I first became aware of Van Jones when he spoke at the Unitarian Universalist General Assembly in June. (The first guy you see in the video is UUA President Bill Sinkford, not Jones.) He's an incredible speaker, and at the end of the talk we cheered as if he were a rock star who might come back for an encore. My comment the next day in my online journal was: "The world is fortunate that he wants to use his powers for Good."

Short Notes
The lead in a Washington Post article Friday:
A bipartisan panel of senators has concluded that former defense secretary Donald H. Rumsfeld and other top Bush administration officials bear direct responsibility for the harsh treatment of detainees at Guantanamo Bay, and that their decisions led to more serious abuses in Iraq and elsewhere.
Invictus analyzes what it all means for prosecuting war crimes. Short version: The legal cover the Bush administration set up for itself was too late; the crimes were already underway.

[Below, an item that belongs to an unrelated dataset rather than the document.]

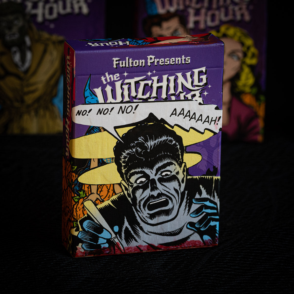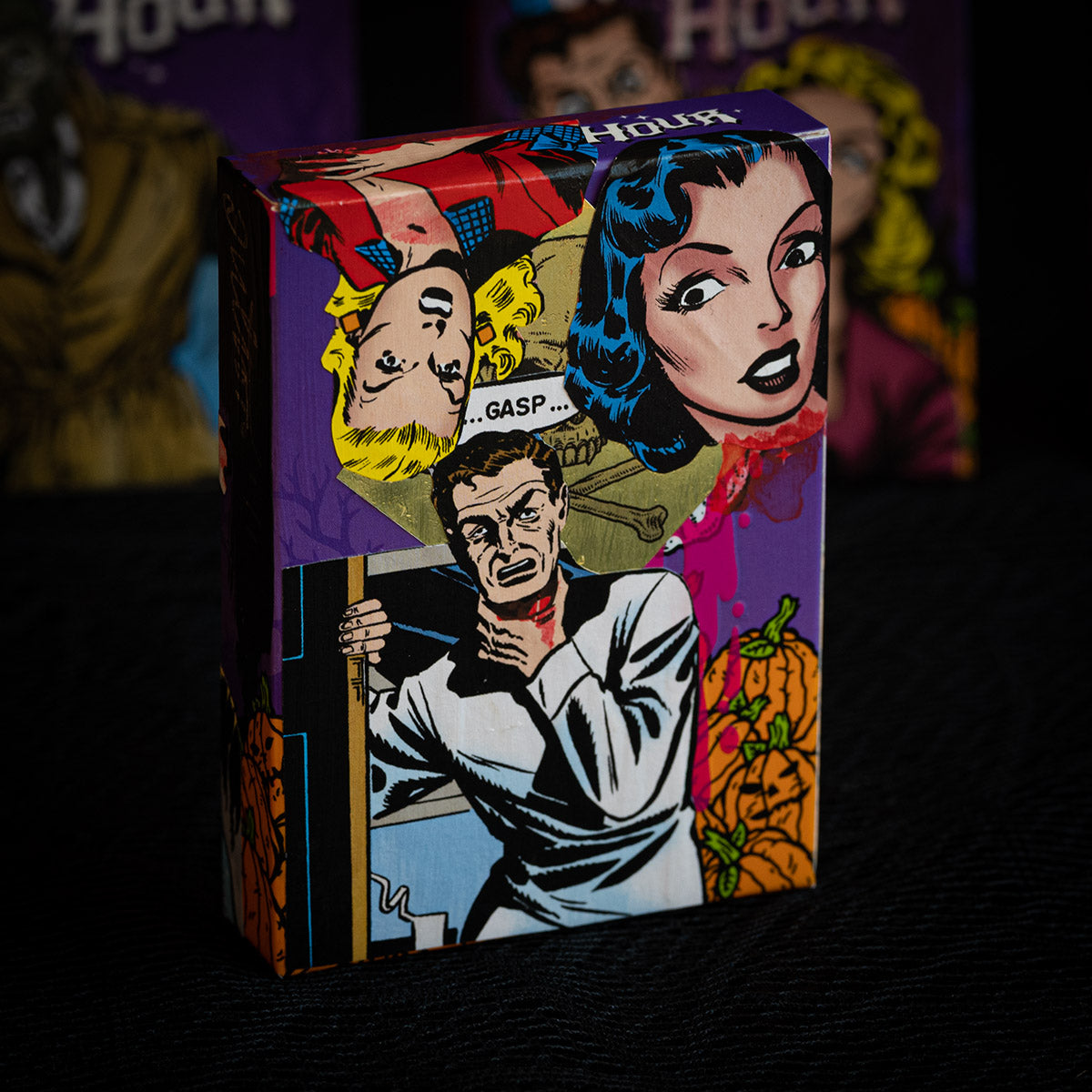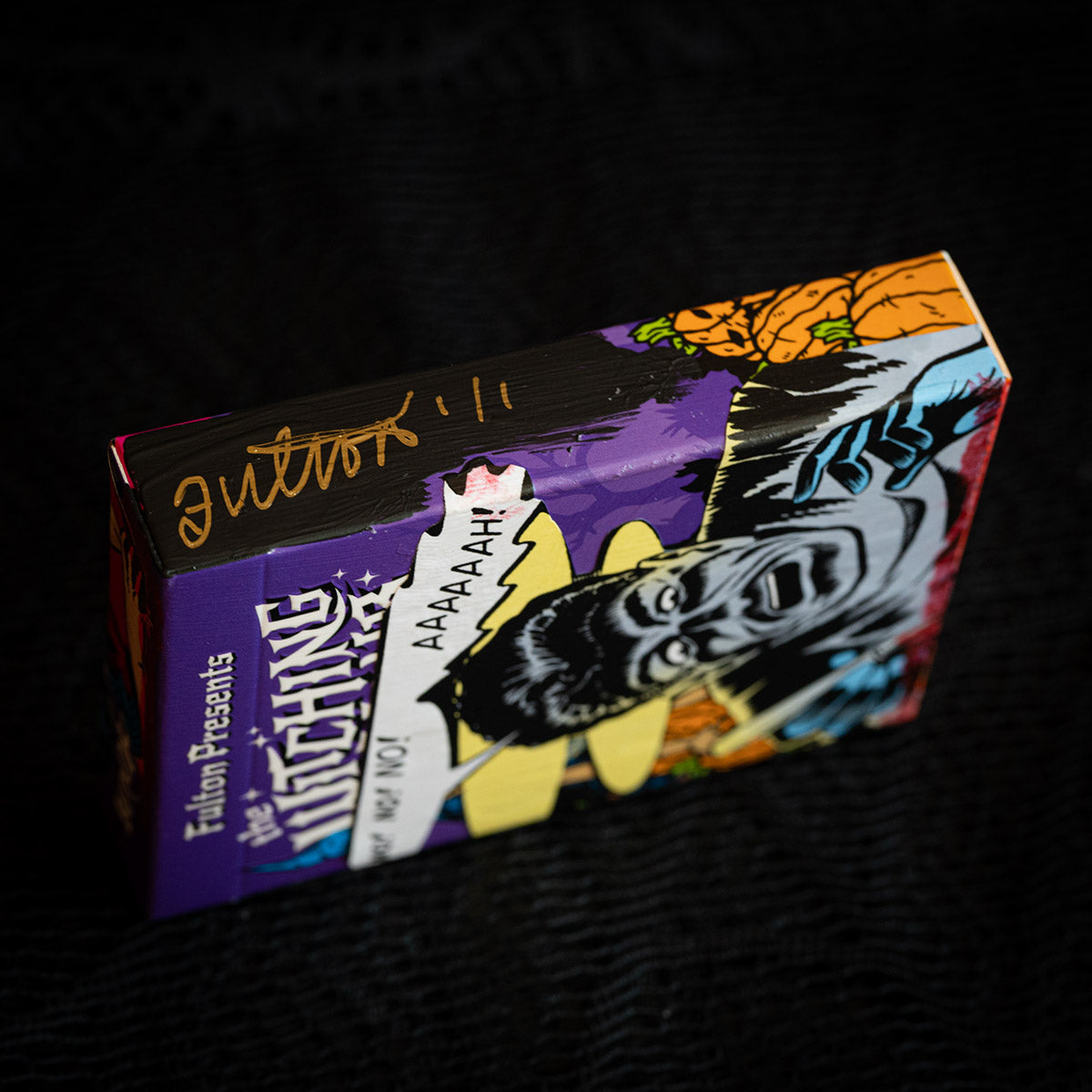 These MIXED PROCESS decks were hand made by Brad Fulton using vintage comic books from his collection to share the true spirit of Halloween. These are hand painted backgrounds with sealed comic book illustrations hand applied. Each hand collaged deck is signed “Fulton 1/1” on the side of the tuck box. Inside is a complete deck of 2025 WITCHING HOUR Playing Cards.

The Senate report verifies the basic story that Philippe Sands was telling in his Vanity Fair article The Green Light back in April.

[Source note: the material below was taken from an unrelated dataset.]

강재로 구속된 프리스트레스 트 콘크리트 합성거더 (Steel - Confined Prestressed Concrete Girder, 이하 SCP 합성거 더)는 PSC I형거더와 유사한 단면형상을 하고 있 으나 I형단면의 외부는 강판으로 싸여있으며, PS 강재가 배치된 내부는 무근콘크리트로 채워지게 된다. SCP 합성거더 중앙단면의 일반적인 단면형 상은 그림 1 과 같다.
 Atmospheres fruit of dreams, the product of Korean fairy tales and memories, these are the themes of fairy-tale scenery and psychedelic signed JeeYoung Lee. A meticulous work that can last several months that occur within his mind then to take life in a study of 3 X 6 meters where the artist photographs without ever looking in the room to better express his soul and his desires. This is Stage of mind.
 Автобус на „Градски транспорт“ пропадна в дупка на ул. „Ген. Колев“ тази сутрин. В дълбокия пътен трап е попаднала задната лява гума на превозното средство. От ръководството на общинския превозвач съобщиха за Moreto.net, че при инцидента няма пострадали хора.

And it was all for nothing. The interrogator who caught al-Zarqawi says torture doesn't work. It's enough to make you throw your shoes. (See the video.)

The blog Gossip Boy punked right-wing Pastor Steve Kern by claiming to represent Oklahoma City Mayor Mick Cornett. Apparently Cornett is seeking Kern's suggestions for who to put on the county's Library Commission -- part of a plan to purge any gay-friendly material from the local libraries -- so Gossip Boy posed as the staffer tasked with writing the mayor's official recommendation. By using anti-gay slurs himself ("faggots" and "perverts") GB made Kern comfortable enough to say this:
We have to ... start curing those sinners. It's past time that this nation stopped placating sin and start putting them in education programs. Courts can force drug offenders into treatment centers and violent people into anger management. There's no reason our courts can't do that with homos.
If you're curious what Kern means by "curing" gays, I reviewed a book on the subject here. As you might expect, the treatment doesn't even work on volunteers who really want it to work. Court-ordered "education programs" would be a little like the re-education camps Mao set up for his opponents during the Cultural Revolution.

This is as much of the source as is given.